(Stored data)
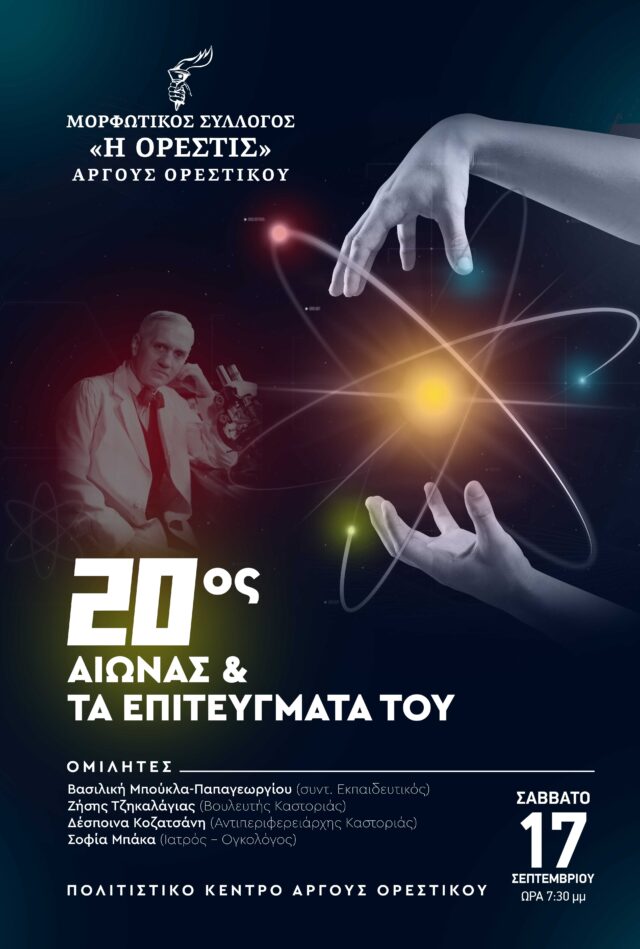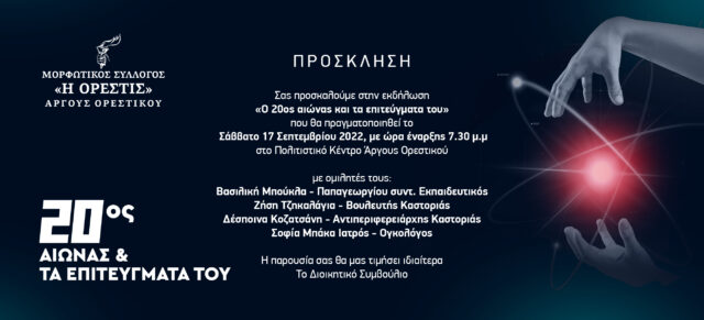 Σας προσκαλούμε στην εκδήλωση «Ο 20ος αιώνας και τα επιτεύγματα του», που θα πραγματοποιηθεί το Σάββατο 17 Σεπτεμβρίου 2022, με ώρα έναρξης 7.30 μ.μ,
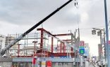 店舗建て替えのため休業中のびっくりドンキー春日井店。早くも新店舗の鉄骨が出現。新店舗は旧国道19号線側...
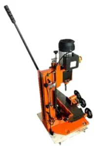 A diferencia de un taladro convencional, la barrenadora permite mover la pieza de madera en tres ejes ($X$, $Y$, $Z$) con total control mediante palancas manuales. Esto garantiza que cada perforación sea perfectamente perpendicular y que las cajas (ranuras) para los ensambles tengan una profundidad y longitud milimétrica.
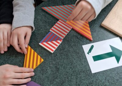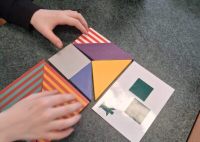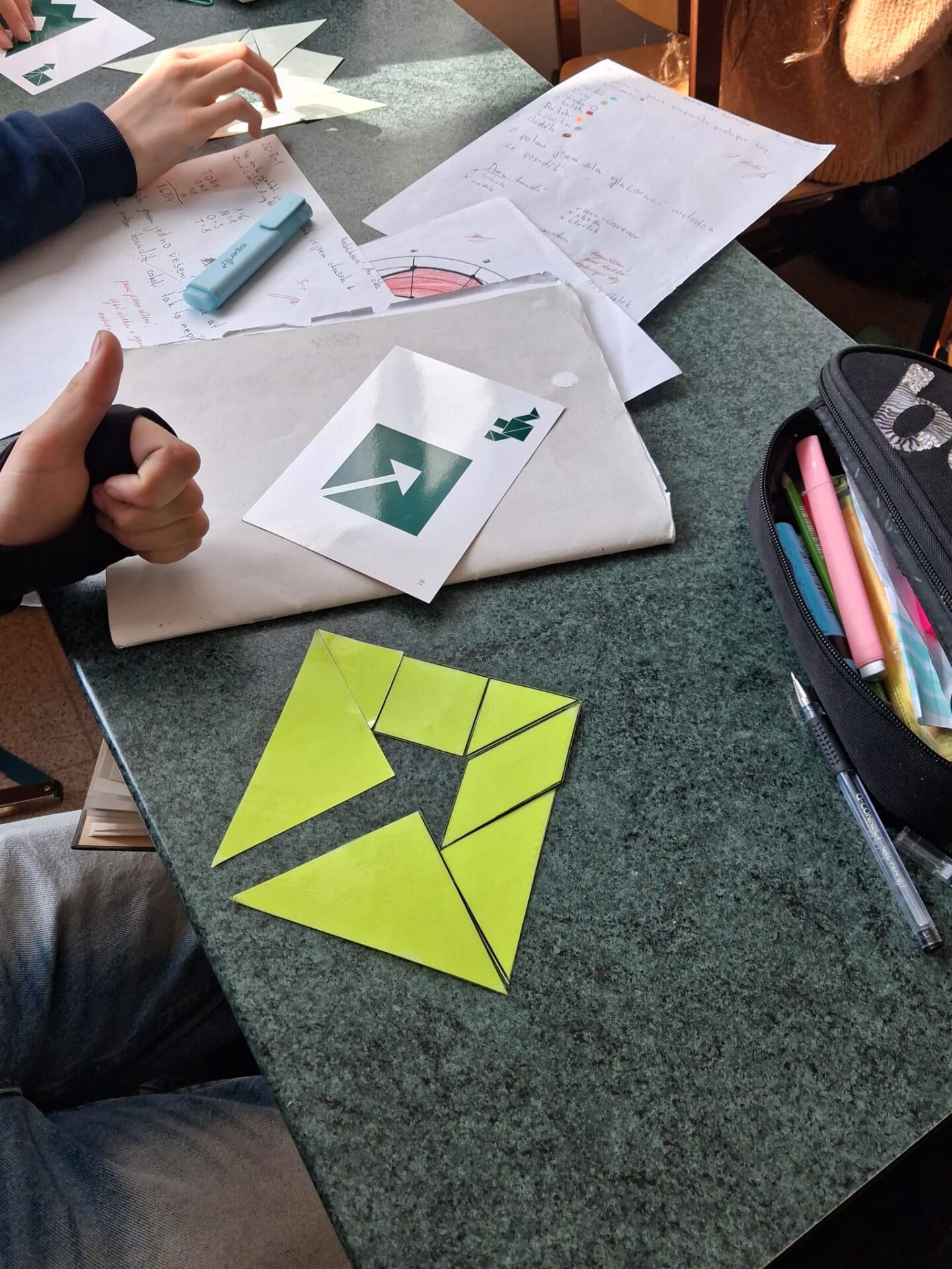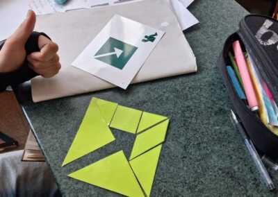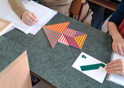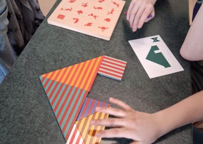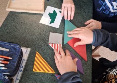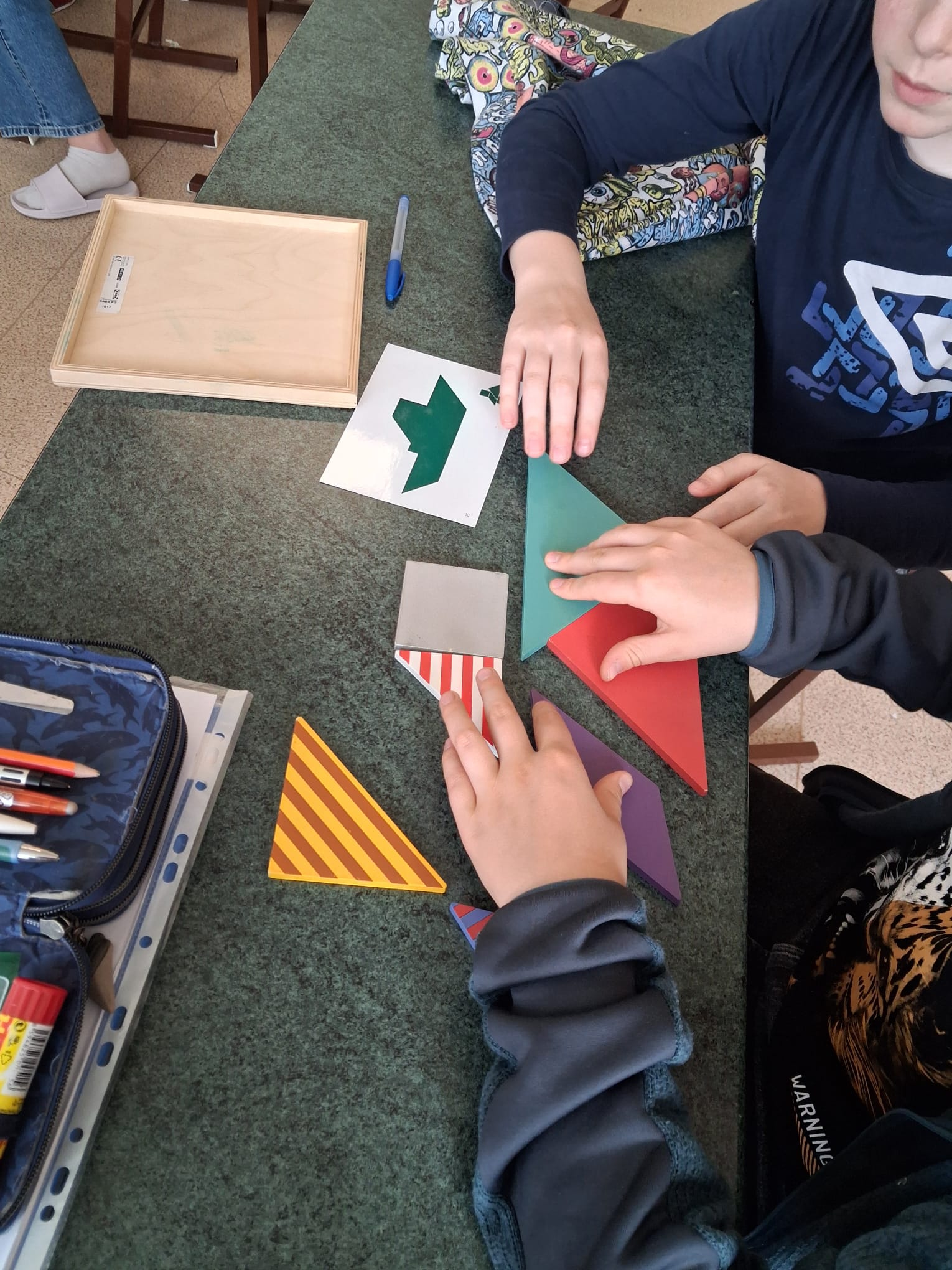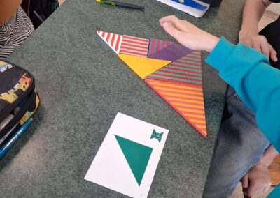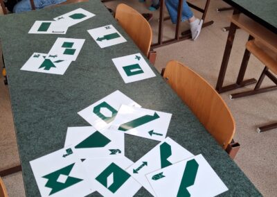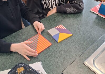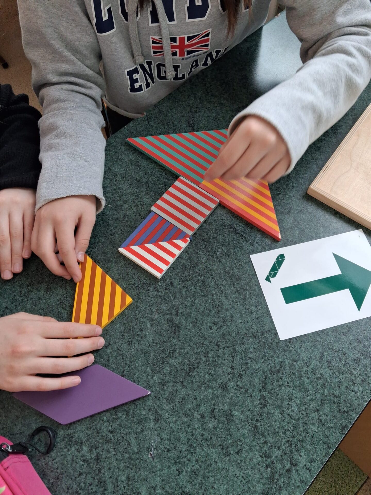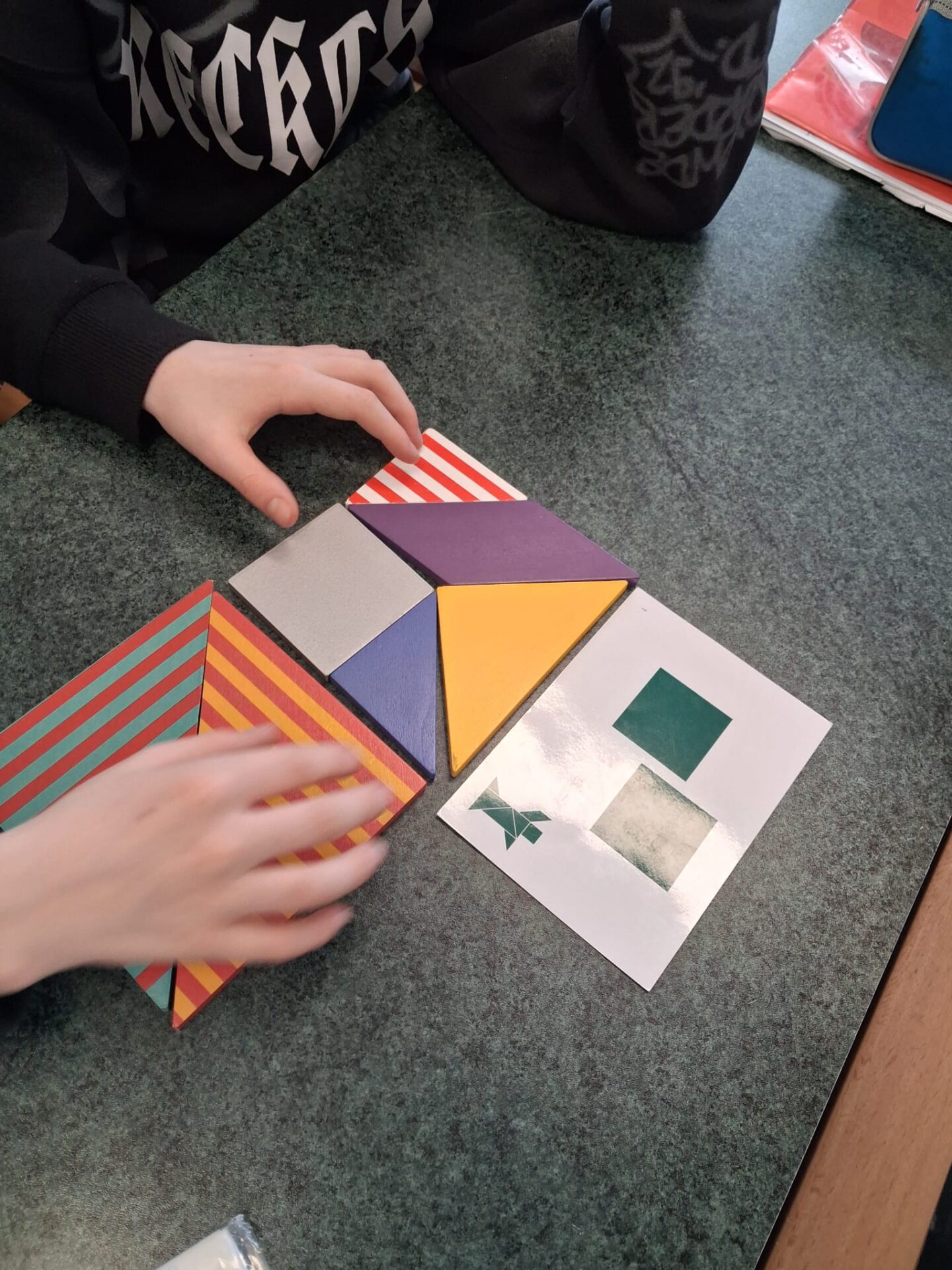 Práce s tangramy autor: Jiří Bachroň | 27.3.2026 | Aktuality, Fotogalerie 2025/2026 Nedávná hodina semináře z matematiky v 6. B a práce s tangramy. Ačkoliv někteří žáci viděli tento slavný hlavolam sedmi dílků poprvé, skládání jim šlo docela dobře.
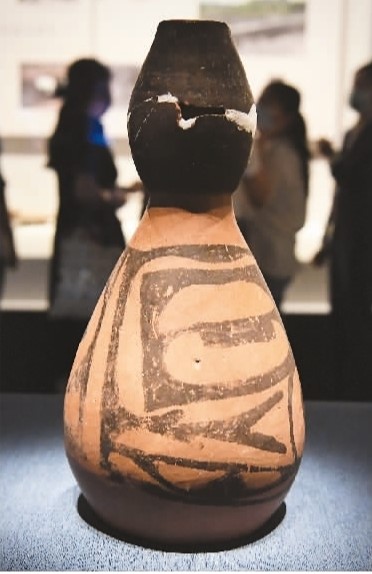 “繁星盈天——中国百年百大考古发现展”上展出的仰韶文化几何鱼纹彩陶葫芦瓶。新华社记者 李安 摄
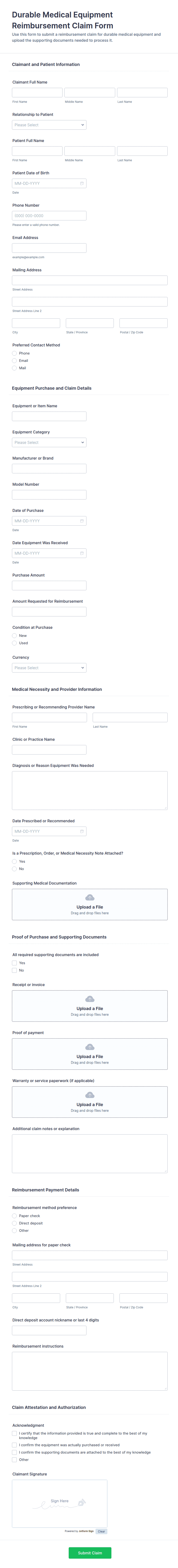 Include claimant and patient identification details, equipment and purchase information, and reimbursement preferences, and allow uploads for supporting medical documentation and proof of purchase so each form submission can be reviewed with the right context.
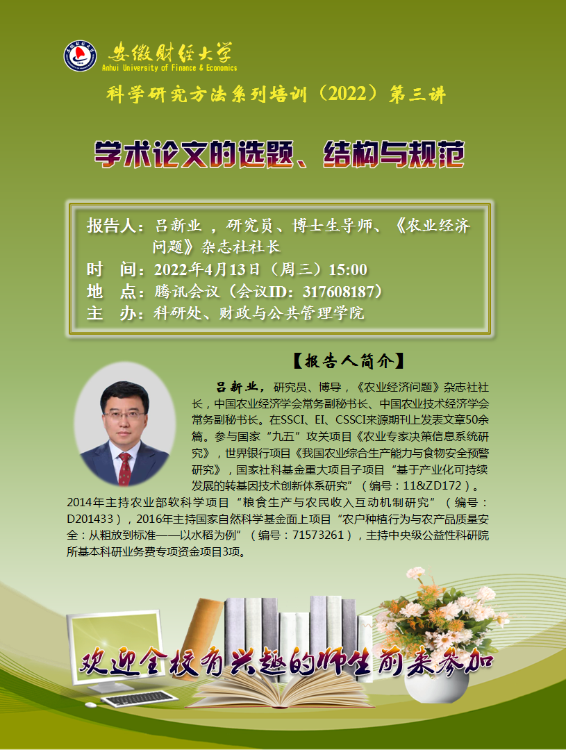 2022年4月13日:【科学研究方法系列培训(2022)第三讲】学术论文的选题、结构与规范
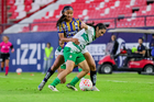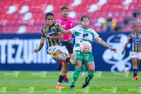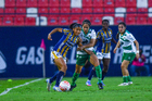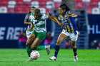 San Luis Potosí, San Luis Potosí, 1 de noviembre de 2025. Aidin López y Dania Padilla, durante el partido correspondiente a la jornada 17 del torneo Apertura 2025 de la Liga BBVA MX Femenil, entre el Atlético San Luis y las Guerreras de Santos Laguna, realizado en el estadio Alfonso Lastras. Foto: Imago7/ Olimpia Puga

TASK STATEMENT:
None of the pictures belong in the result. Print exactly the lines from the one containing "2022年4月13日:【科学" through the final line of the entries.

YOUR SOLUTION:
 2022年4月13日:【科学研究方法系列培训(2022)第三讲】学术论文的选题、结构与规范
 San Luis Potosí, San Luis Potosí, 1 de noviembre de 2025. Aidin López y Dania Padilla, durante el partido correspondiente a la jornada 17 del torneo Apertura 2025 de la Liga BBVA MX Femenil, entre el Atlético San Luis y las Guerreras de Santos Laguna, realizado en el estadio Alfonso Lastras. Foto: Imago7/ Olimpia Puga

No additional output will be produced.